Ozone Hole makes Early Appearance in 2007
Ozone Hole makes Early Appearance in 2007
By Joshua S Hill
special to mongabay.com
August 28, 2007
The Antarctic ozone hole was discovered in 1985 by British scientists Joseph Farman, Brian Gardiner, and Jonathan Shanklin of the British Antarctic Survey. Though called a hole, it is rather a location in the ozone shield — a layer that keeps ultra-violet rays from affecting us directly — that is substantially lacking in ozone concentration.
According to NASA’s Ozone Hole Watch page, “The depth and size of the Antarctic ozone hole are governed by the temperature of the stratosphere and amount of sunlight reaching the South Polar Region.”
This hole, which grows in size towards the end of every year with the onset of the Southern Hemisphere’s summer months, has appeared earlier this year, provoking speculation as to whether the hole will grow larger than 2006’s record breaking size. Geir Braathen, a senior scientific officer with the WMO’s atmospheric research and environment programme, believes that the hole could reach as far north as the tip of South America.
This still image is from an animation that zooms down to Antarctica and shows the daily ozone readings from July 1, 2005 to October 25,2005. Credit: NASA |
According to the World Meteorological Organization (WMO) — the United Nations weather agency — it will not be clear for several weeks as to whether it will exceed last year’s size, as the conditions of the gap are based on the weather conditions below it.
“It is still too early to give a definitive statement about the development of this year’s ozone hole and the degree of ozone loss that will occur. This will, to a large extent, depend on the meteorological conditions,” the Geneva-based agency said.

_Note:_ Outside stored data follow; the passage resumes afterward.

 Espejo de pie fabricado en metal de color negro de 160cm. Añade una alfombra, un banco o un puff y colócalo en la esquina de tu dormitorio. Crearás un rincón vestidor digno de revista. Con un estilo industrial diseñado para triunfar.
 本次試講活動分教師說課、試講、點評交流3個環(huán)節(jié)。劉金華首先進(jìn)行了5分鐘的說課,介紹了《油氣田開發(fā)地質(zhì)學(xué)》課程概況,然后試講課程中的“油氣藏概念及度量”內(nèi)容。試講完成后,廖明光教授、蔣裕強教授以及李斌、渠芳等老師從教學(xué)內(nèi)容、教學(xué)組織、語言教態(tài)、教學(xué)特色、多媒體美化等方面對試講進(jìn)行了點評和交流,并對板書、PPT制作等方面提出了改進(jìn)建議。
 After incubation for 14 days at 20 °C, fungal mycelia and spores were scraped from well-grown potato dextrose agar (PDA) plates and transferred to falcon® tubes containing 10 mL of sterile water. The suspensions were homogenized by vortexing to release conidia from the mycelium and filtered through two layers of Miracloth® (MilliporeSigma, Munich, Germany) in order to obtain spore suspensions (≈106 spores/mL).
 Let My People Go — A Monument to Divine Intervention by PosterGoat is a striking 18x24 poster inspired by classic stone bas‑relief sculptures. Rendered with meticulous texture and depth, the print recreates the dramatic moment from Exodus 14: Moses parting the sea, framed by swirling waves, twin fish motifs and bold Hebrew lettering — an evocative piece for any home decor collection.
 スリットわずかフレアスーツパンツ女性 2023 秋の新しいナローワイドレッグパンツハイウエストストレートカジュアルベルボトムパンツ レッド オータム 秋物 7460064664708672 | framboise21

“Although ozone-depleting substances are now declining slowly, there is no sign that the Antarctic ozone hole is getting smaller,” it said in a report.

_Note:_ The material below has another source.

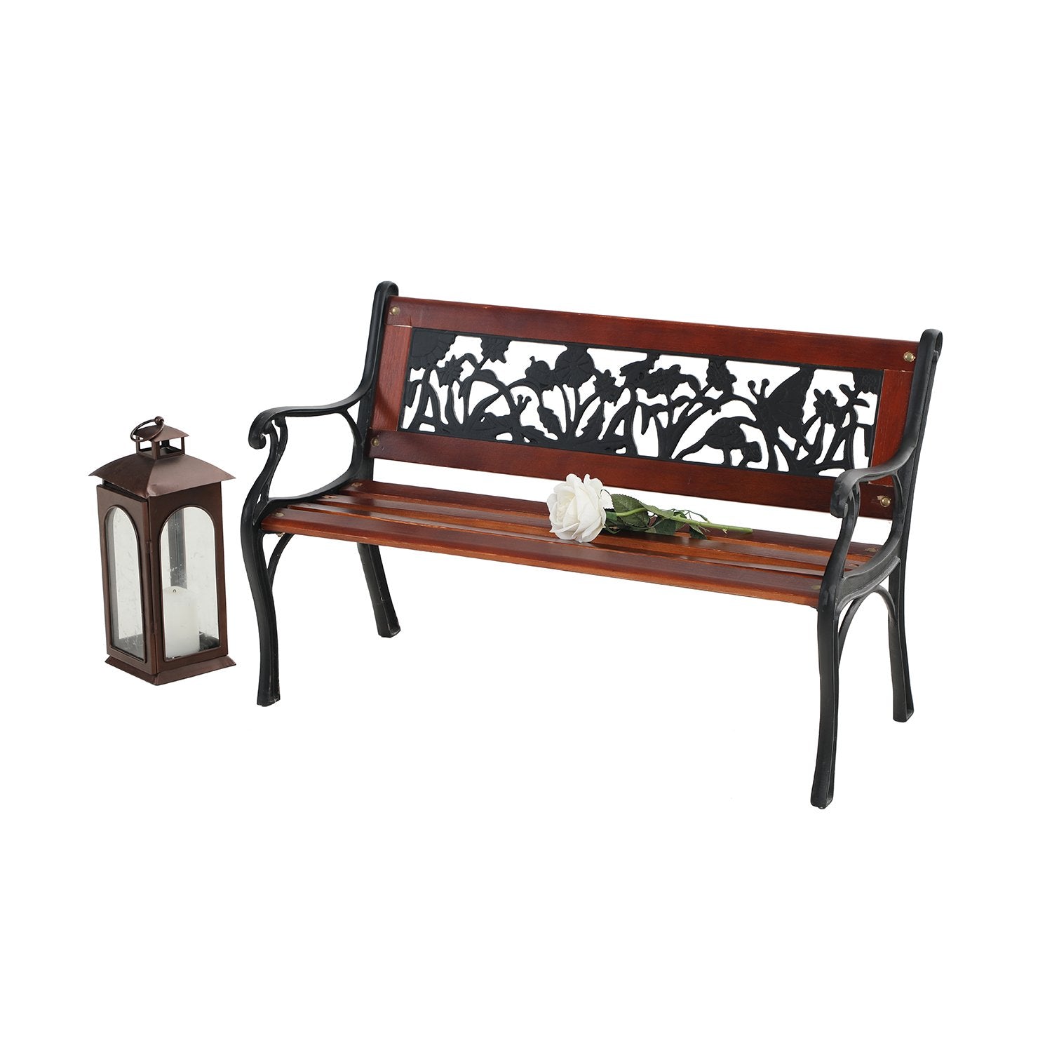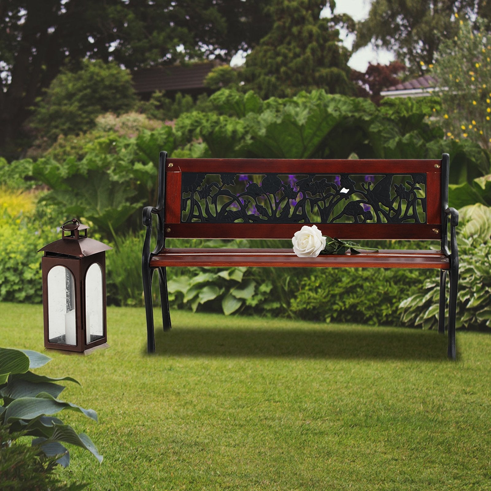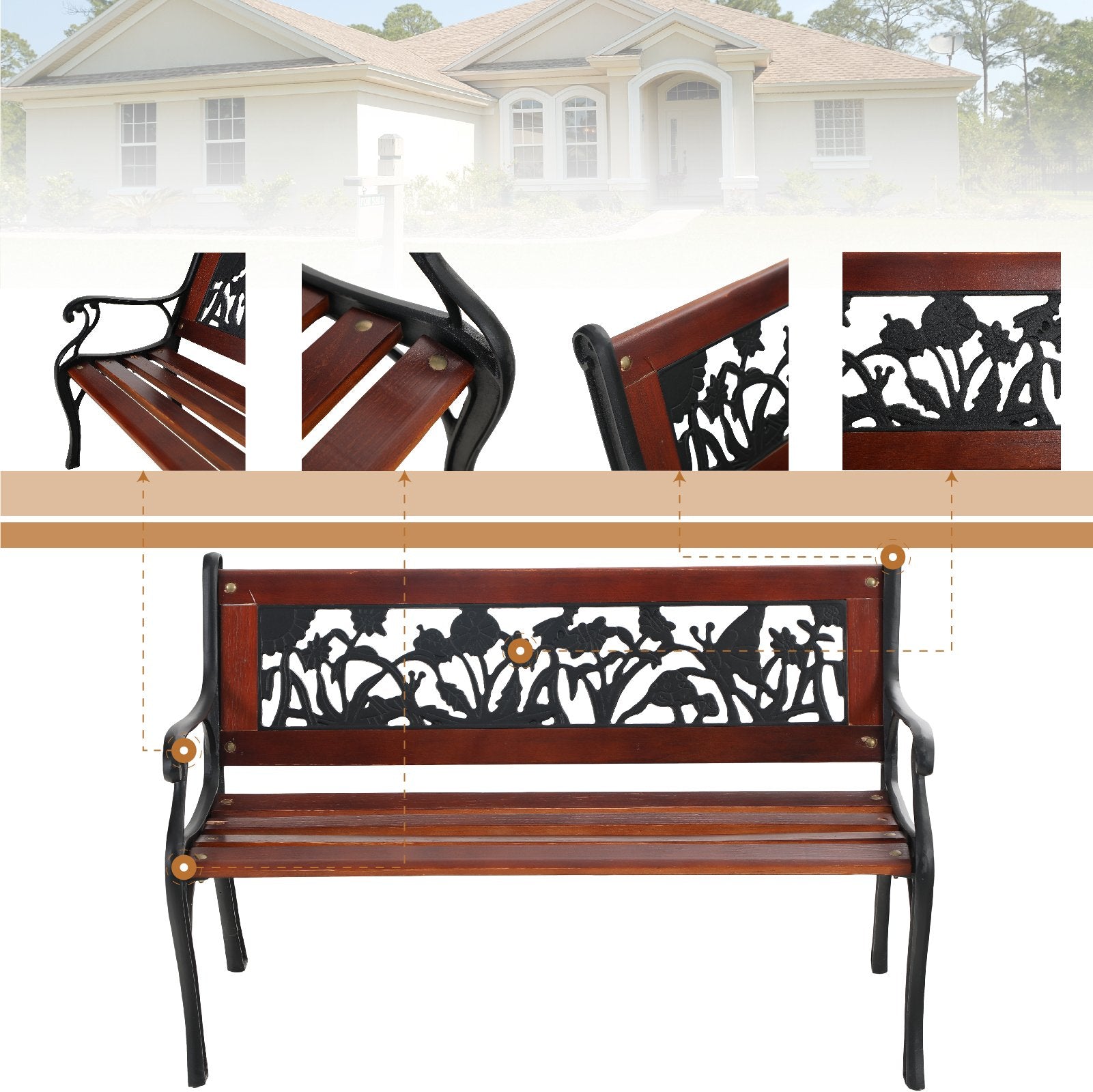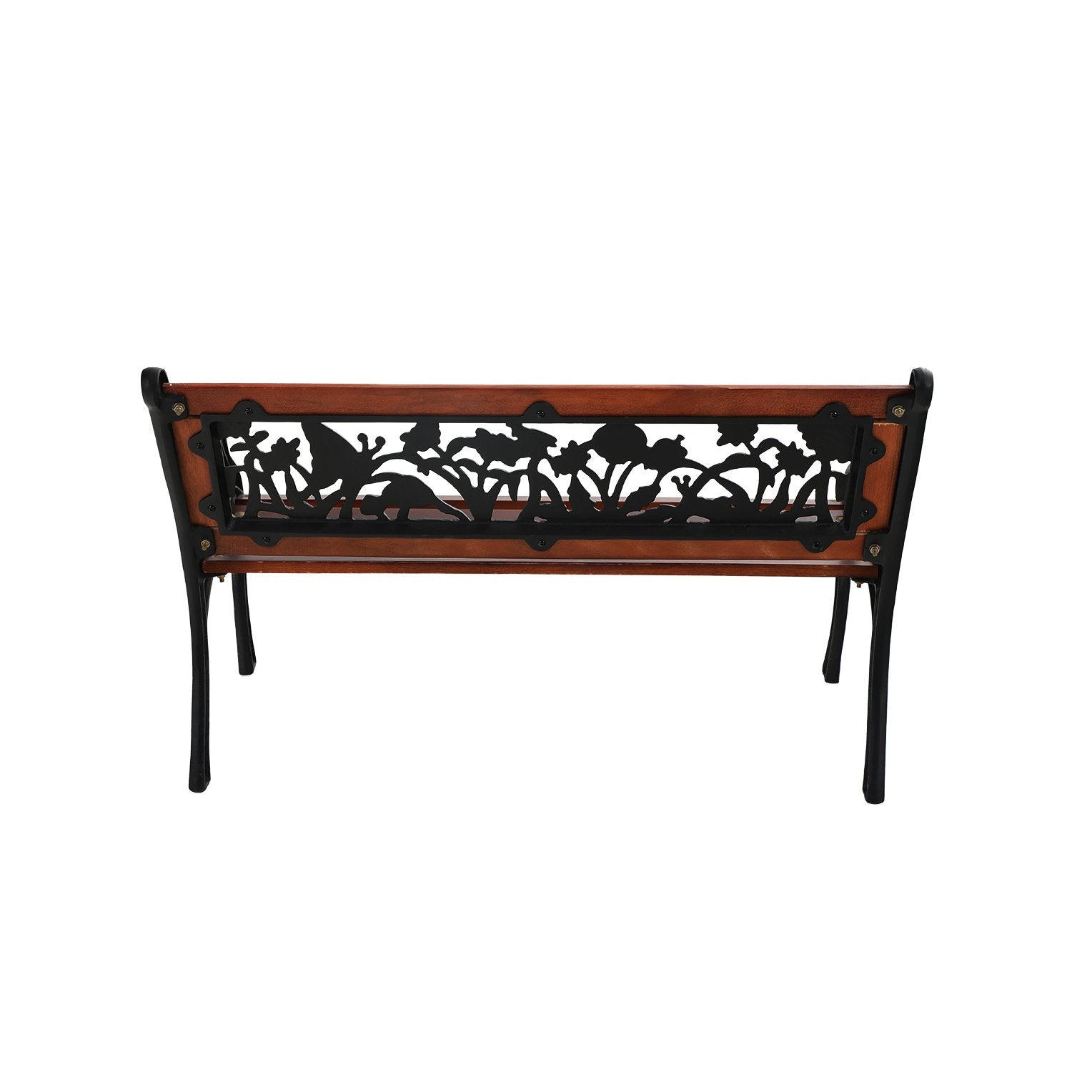 33" Outdoor Kids Sized Garden Metal Bench with Wood Seating

While use of ozone-depleting chlorofluorocarbons (CFCs) has dropped over the past several years, the WMO and the U.N. Environment Programme believe that it will not be until 2049 that the ozone levels return to pre-1980 levels over much of Europe, North America, Asia, Australasia, Latin America and Africa.
For Antarctica though, the home to the massive gap in the ozone layer of our atmosphere, the recovery of that ozone will probably last well in to the latter half of the century.